Оставшись один в комнате, Брусилов развязал узел, надел суконный сюртук и стал раскладывать на столе книги: историю, математику, географию, все еще чувствуя какое-то внутреннее беспокойство. Затем вынул из кармана памятную книжку, записал: «…июля… путь кончен; я в Петербурге… в кошельке четыре рубля…» – и отправился в академию на Выборгскую сторону. Узнав, что Брусилов ушел, купец пробрался в его комнату, как хищная птица, и осмотрел все его вещи.
– Жена! – говорил купец после, – что-то меня робость берет!
– А что? Аль опять живот болит?
– Нет, насчет приезжего думаю: не мазурик ли? Купчиха стала напротив купца и, сверкая глазами,
вскричала:
– Ну, как же ты, не сообразясь с своей башкой, впустил его сюда?
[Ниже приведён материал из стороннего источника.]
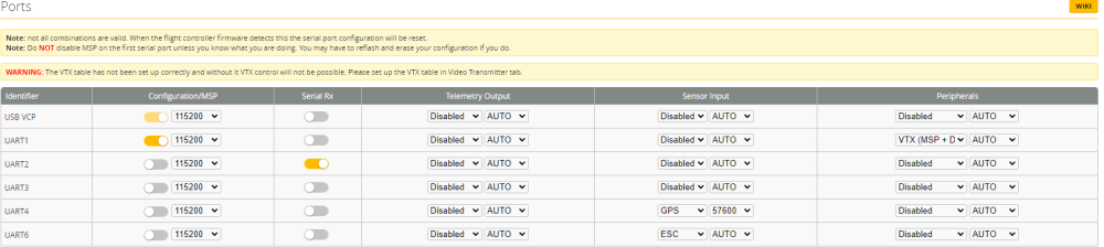 Nebra Posté(e) Mai 13 Signaler Posté(e) Mai 13 Bonjour à tous, Je viens de recevoir mon GEPRC Vapor X5, en crossfire o4 pro et avec GPS. A la réception, je m'étonnes un peu de la petite antenne (j'ai toujours vu des drones en crossfire avec des antennes immenses) et je décide de connecter le drone à Betaflight pour aller jeter un coup d'œil côté receiver. Au final je branche le drone et je remarque tout de suite que l'icone GPS en haut à droit est éteint: Au final c'est ma faute, je vois que lorsqu'il a été emballé, le GPS a été rabattu dessous et débranché. Je disconnect de betaflight, je débranche le drone, je branche le GPS et je refais la procédure dans l'ordre inverse mais toujours rien. Ayant déjà des soucis de GPS un peu aléatoire sur mon autre drone (DarwinFPV CineApe35) j'avais déjà lu que l'accroche aux satellites peut prendre du temps surtout la première fois, donc je laisse le drone branché mais après plus de 10 minutes toujours rien. Côté ports j'ai bien le GPS affiché, UART4 ça a l'air de coller à la doc du drone (mais je suis pas certain de bien la lire étant plutôt débutant), sur la doc du GPS (GEP-M10) en chinois je vois plusieurs fois 115200 donc je remplace 57600 par cette valeur, save and reboot, je laisse de nouveau 10 min pour lui laisser le temps d'avoir une accroche, mais toujours rien. Dans l'onglet configuration, le GPS est bien activé et lorsque je vais dans le CLI faire "status" j'ai la sortie suivante: Entering CLI Mode, type 'exit' to return, or 'help' # # Building AutoComplete Cache ... Done! # # status MCU F722 Clock=216MHz, Vref=3.31V, Core temp=46degC Stack size: 2048, Stack address: 0x20010000 Configuration: CONFIGURED, size: 3800, max available: 16384 Devices detected: SPI:1, I2C:1 Gyros detected: gyro 1 locked dma GYRO=ICM42688P, ACC=ICM42688P, BARO=DPS310 OSD: MSP (53 x 20) BUILD KEY: 9e0b107c4a5696cc1e9376491ce1d000 (4.5.1) System Uptime: 475 seconds, Current Time: 2025-05-13T17:44:24.696+00:00 CPU:26%, cycle time: 123, GYRO rate: 8130, RX rate: 15, System rate: 9 Voltage: 1 * 0.01V (0S battery - NOT PRESENT) I2C Errors: 0 FLASH: JEDEC ID=0x00ef4018 16M GPS: NOT CONNECTED, UART4 38400 (set to 57600), NOT CONFIGURED, version = unknown Arming disable flags: RXLOSS CLI MSP DSHOT_TELEM Donc il ne semble pas détecter le GPS. Je démonte le drone pour vérifier le branchement et ça semble correspondre à la doc du drone et du GPS (mais encore une fois je suis un newbie donc c'est à prendre avec des pincettes). J'ai également tenté de sortir le GPS de son TPU pour voir si des leds s'allument lors du branchement du drone en USB mais rien. Faut-il l'alimenter avec une LIPO, même si ce n'est pas le cas sur mon autre drone? Je n'ai pas encore reçu le module crossfire pour ma Boxer, donc j'avoue avoir un peu peur d'alimenter le drone non bindé (même si les hélices ne sont pas montées). Merci d'avance pour votre aide.

Что ты в самом деле?
– Ну, что ты кричишь-то?.. Сумасбродная!..
– Что же, ты пойдешь в бйню-то? – перебила купчиха.
– Ишь, заправду волю-то взяла!
– Иди, говорят, в баню-то! – уходя, добавила купчиха.
В академии, среди двора, в коридорах, на подъезде, Брусилов встретил много молодых людей, приехавших держать экзамены, в шляпах, разноцветных фуражках и галстуках, во фраках, со стеклышками, тросточками, – и все это двигалось, шумело и дышало такою провинциальною свежестью, что постоянный петербургский житель, глядя на светлые лица молодых людей, не мог не вспомнить и не вздохнуть о своей исчезнувшей юности, когда грудь захватывали поэтические стремления… У стен, по углам бродили в нахлобученных фуражках бедняки, думавшие о квартирах и вспоможениях…
– Здорово, брат! – раздавался звучный голос краснощекого франта в белой фуражке.
– Здорово!
Руки взмахи вались во всю свою длину и громко хлопали.
Толки шли об экзаменах, факультетах, кутежах, петербургских удовольствиях, профессорах, квартирах… Стоял тихий июльский день; облака так мирно плыли над академией… Брусилов стоял у перил лестницы, вглядываясь в проходивший народ.
– А! Брусилов! какими судьбами? – воскликнул один студент. – Пойдем в мой номер.
Брусилов явился в номере среди своих земляков, утопавших в клубах табачного дыма.
– Ну, как вы здесь поживаете? – спрашивал он, глядя на картежную игру, происходившую между четырьмя студентами, сидевшими на столе.
– Да вот скоро кончим курс, примемся лечить… – говорил один земляк, Антонов.
– А ты тоже на медицину, Брусилов?
– Послушаю ваши лекции; а то в университет перейду.
– Оставайся лучше здесь! Медицина наука положительная: лекарское местишко получишь; в доктора не хлопочи… много нам надо!..
Брусилов посмотрел на других земляков; никто из них не возражал Антонову, все они, казалось, были согласны с ним. Брусилов на минуту задумался, потом спросил не без иронии:
– А помнишь, Антонов, как ты мечтал в гимназии? Верно, теперь ты у пристани?
– Кровь моложе была… бродила. Теперь я отрезвился и нахожу, что Эпикур был великий человек…
– Мечтают одни провинциалы; тут нужна практичность; с юношескими стремлениями пропадешь в Петербурге, – добавил другой земляк, снимая карты.
Брусилов более ничего не говорил. Он простился с земляками и пришел к купцу уже при огнях.